- USD/CAD regains traction on Wednesday and climbs back closer to multi-year tops.
- A fresh leg down in oil undermined the loonie and remained supportive of the move.
- A strong pickup in the US bond yields might help revive USD demand and inspire bulls.
The USD/CAD pair edged higher through the early European session and has now moved back closer to multi-year tops, around mid-1.4200s.
Following the previous day’s intraday pullback, the pair managed to regain traction on Wednesday.
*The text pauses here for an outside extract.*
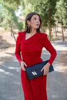 Maxi handbag in embossed textured leather, can be worn as a clutch or with a chain, and has a snap closure. In black.
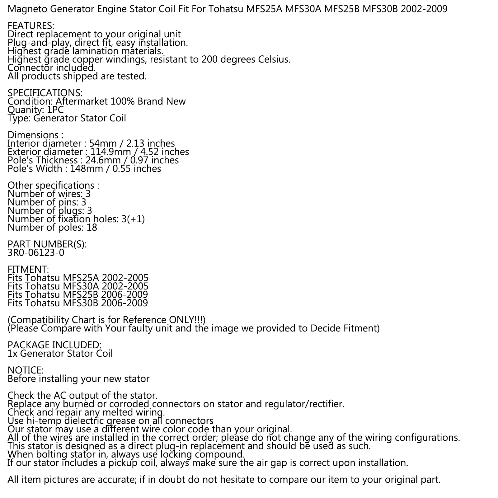 This stator is designed as a direct plug-in replacement and should be used as such.

The uptick was supported by an offered tone surrounding the commodity-linked currency – the loonie amid a fresh leg down in crude oil prices.
The bearish pressure in the oil market remained intact amid growing concerns over the economic fallout from the coronavirus pandemic. This coupled with possibilities of a global supply glut dragged the black gold to its lowest level in almost 17 years.
With the oil price dynamics turning out to be an exclusive driver of the pair’s uptick on Wednesday, bulls seemed rather unaffected by a modest US dollar pullback on Wednesday and extremely oversold conditions on short/medium charts.
Meanwhile, some follow-through pickup in the US Treasury bond yields might help revive the USD demand and might eventually pave the way for an extension of the pair’s recent strong positive momentum witnessed over the past one month or so.
Moving ahead, Wednesday release of the latest Canadian consumer inflation figures and housing market data from the US will be looked upon for some meaningful trading opportunities later during the early North-American session.